Pope Francis: Father Figure

Pope Francis: Father Figure 2016-06-02T13:02:02-04:00

(Pope Francis in March 2013. Source: Wikimedia, Creative Commons License).
(Pope Francis in March 2013. Source: Wikimedia, Creative Commons License).

My last two posts (available here and here) have attempted defenses of the current pontiff. Predictably enough, they’ve elicited some negative responses, accusing me of uncritical papal apology. Nowhere have I stated that Pope Francis can do no wrong. Like any man he is wrong—a lot. My issue, however, has always been with cramming his every decision into a pre-formed narrative. It’s deeply saddening—so many Catholics have created the framework for a self-fulfilling prophecy. In truth, I tire of seeing the pope’s every bead of sweat scrutinized for another example of his heterodoxy.

After some reflection, I realized that my particular relationship vis-à-vis the Holy Father stems from my history—the fact that I was raised secularly. In a sense, he is an ecclesiastical father figure to me (and others) because of when and how we grew up.

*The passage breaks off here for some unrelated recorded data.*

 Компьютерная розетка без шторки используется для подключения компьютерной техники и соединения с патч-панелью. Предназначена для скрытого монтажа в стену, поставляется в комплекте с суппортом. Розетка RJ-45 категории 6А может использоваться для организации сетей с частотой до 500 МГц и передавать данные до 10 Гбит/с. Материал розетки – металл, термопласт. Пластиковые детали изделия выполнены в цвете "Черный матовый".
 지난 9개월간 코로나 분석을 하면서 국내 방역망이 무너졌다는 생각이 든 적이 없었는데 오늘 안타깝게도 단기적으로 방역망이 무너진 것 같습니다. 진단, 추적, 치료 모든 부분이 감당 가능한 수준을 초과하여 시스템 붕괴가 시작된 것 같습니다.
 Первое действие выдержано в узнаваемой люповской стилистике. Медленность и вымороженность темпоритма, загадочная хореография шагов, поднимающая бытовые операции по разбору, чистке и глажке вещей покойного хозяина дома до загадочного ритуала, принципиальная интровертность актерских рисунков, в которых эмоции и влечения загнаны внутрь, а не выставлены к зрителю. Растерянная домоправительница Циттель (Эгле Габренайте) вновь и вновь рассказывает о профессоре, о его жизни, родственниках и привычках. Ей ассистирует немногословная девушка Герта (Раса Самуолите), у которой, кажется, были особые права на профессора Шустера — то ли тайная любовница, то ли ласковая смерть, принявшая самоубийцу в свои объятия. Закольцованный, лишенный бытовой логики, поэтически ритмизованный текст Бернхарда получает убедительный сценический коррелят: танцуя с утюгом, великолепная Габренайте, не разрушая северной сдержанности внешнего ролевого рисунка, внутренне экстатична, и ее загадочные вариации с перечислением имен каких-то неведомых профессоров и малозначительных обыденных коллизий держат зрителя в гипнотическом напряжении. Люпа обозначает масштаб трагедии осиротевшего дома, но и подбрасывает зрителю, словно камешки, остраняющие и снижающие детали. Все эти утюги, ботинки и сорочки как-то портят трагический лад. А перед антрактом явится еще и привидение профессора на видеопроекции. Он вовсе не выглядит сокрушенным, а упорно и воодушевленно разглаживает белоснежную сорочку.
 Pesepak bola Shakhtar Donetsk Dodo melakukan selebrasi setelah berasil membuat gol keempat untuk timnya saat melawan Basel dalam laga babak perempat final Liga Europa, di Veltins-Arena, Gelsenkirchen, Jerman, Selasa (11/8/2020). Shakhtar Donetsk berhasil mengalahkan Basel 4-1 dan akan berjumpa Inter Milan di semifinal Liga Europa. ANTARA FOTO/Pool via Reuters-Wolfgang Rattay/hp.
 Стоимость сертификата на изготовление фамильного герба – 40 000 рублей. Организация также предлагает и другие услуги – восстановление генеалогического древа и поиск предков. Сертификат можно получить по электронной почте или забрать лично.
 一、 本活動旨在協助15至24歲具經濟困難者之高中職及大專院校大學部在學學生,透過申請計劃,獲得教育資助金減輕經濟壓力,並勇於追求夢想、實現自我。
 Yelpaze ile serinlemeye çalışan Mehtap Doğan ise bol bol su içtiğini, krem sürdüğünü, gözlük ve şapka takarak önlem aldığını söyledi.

I was born in 1993. I remember the death of John Paul II and the resignation of Benedict XVI, but I was not a truly practicing Catholic until around the accession of Francis. In my coming to Catholicism, there was little of the Polish phenomenologist, or the liturgical wars of the immediate aftermath of Vatican II. There was no interest in the problem of “women-priests” or in the new translation of the Missal. For me, the female priest issue was closed, and I knew that Vatican II was necessary even while it made possible liturgical abuses now in need of correction. My very entrance into Catholicism lacked anything like a Cold War mentality—I was liberal, conservative, socialist, libertarian, traditionalist, and modern all at once. To myself, I was Catholic—end of story. I could read Belloc, Dorothy Day, Oscar Wilde, Meister Eckhart, Origen, Kierkegaard, Nietzsche, Augustine, and then Whittaker Chambers and Russell Kirk, and feel entirely at home.

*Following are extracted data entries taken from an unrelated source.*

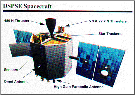 The Clementine mission was undertaken by the Department of Defense to test new technologies for defense and cilivian applications. The spacecraft was launched on January 25, 1994, and then began mapping the Moon. It left lunar orbit on May 3, 1994, after having taken 1.8 million images of the surface. Clementine headed for a flyby of asteroid 1620 Geographos, but the spacecraft suffered a failure that prevented it from obtaining images of this world. Clementine was one of the first of the new "faster, better, cheaper" planetary missions that use light-weight components, advanced technology, and rapid manufacturing techniques. The spacecraft incorporated a new type of spacecraft design and experimental instrumentation. The program took less than two years from initial concept to launch, far less than larger probes such as Galileo and Cassini. Clementine had five different imaging systems on-board. The UV/Visible camera had a filter wheel with six different filters, ranging from 415 nm to 1000 nm, and including a broad-band filter covering 400 to 950 nm. The Near Infrared camera also had a six-filter wheel, ranging from 1100 nm to 2690 nm. The Longwave Infrared camera had a wavelength range of 8000 to 9500 nm. The Hi-Res imager had a broad-band filter from 400 to 800 nm and four other filters ranging from 415 to 750 nm. The Star Tracker camera was also used for imaging. The program was undertaken by the Ballistic Missile Defence Organization (BMDO) with the assistance of NASA. The Lawrence Livermore National Laboratory provided light-weight imaging instruments. |
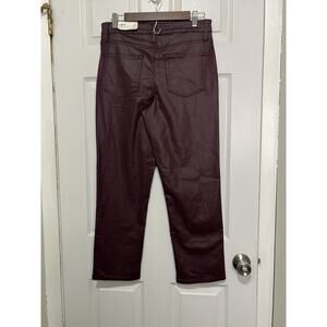 Edgely Women’s Faux Leather Pants Maroon Brown Size 10 Slim Straight Ankle High Rise NWT
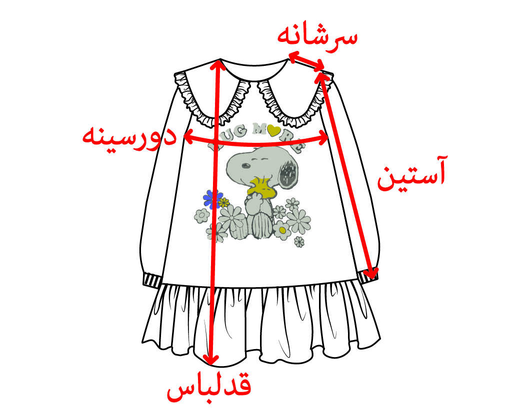 • جزئیات مدل:دارای کشبافت در قسمت مچ آستین/دارای برش و چین در قسمت پایین پیراهن/دارای دیتیل چاپ اسنوپی در قسمت جلو پیراهن/پارچه استفاده شده در قسمت یقه از پارچه پوپلین سفید میباشد/دارای چین در قسمت دور یقه ب.ب/دگمه پیراهن به داخل دوخته شده است برای راحتی کودکان/گانت دوزی شده در قسمت داخلی یقه/مناسب فصل بهار/مناسب استفاده روزانه
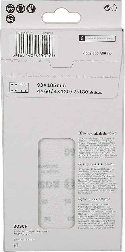 Titreşimli Zımpara Kağıdı 10’lu Set, 93, 185 mm 60/120/180 Kum 8 Delik, Gri
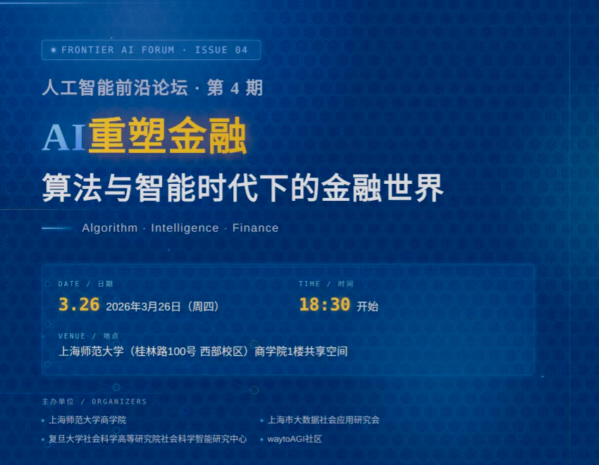 2026年3月26日晚,由上海师范大学商学院、上海市大数据社会应用研究会、复旦大学社会科学高等研究院社会科学智能研究中心及waytoAGI社区联合主办的“人工智能前沿论坛·第4期”在上海师范大学徐汇校区商学院108顺利举行。本期论坛以“AI重塑金融:算法与智能时代下的金融世界”为主题,汇聚了学界与业界的多位专家,共同探讨人工智能技术在金融领域的深度应用与未来趋势。论坛开场由上海市大数据社会应用研究会副秘书长李阳主持。李阳副秘书长介绍了本期论坛的背景与意义。他指出,随着大模型与多模态技术的快速迭代,金融行业正经历从“数字化”向“智能化”的关键跃迁,如何构建适应AI时代的金融架构、风险体系与人才能

Partly, this is a product of my personality, but I think it owes as much to the time in which I truly “entered” the Church. The two “conservative” pontiffs had helped draw back some of the more inane abuses following the 60s and 70s. I took these liturgical goods for granted. The Church was experiencing problems, however; secular people didn’t seem to get us. Then along came Francis, just as I was embracing the faith, and he said what was in my head all along—oppose abortion; oppose the death penalty; care for the world and the poor who inhabit it most precariously; confess; do penance; repent. In a word: love. Because I was not alive during the Cold War, my Catholicism never became married to Carter or Reagan. I felt that I could be pro-life without only mentioning abortion, that I could be anti-death penalty without sacrificing something to some competing political party.

This is, I think, why I defend Francis (and why many other Millennials, especially converts and reverts, do). The old framework has simply faded away, and once-seemingly-important marriages (America-Christianity, Republicans-Abortion, Democrats-Social Justice) do not hold water for someone who grew up and began practicing when I did. And, frankly, I am happy about that—such a position is more flexible and confounds our secular peers. If one needs evidence that the old days are past, simply look to the now all-but-dead Catholic-GOP alliance.

Does Pope Francis do wrong? Absolutely. We differ on many matters, especially liturgically. But I am also humble (I hope and pray) enough to recognize that I am not always right (and that even if I were, no pope would ever completely agree with me). So, considering my past and the times in which we live, I am honored to be alive now, to live under Francis’ gentle authority and loving rebukes. And so, I will continue defending him as both the servus servorum Dei and as the man whom the Holy Spirit has chosen—a man for the moment, uprooted from the polarizing mentality still held by far too many.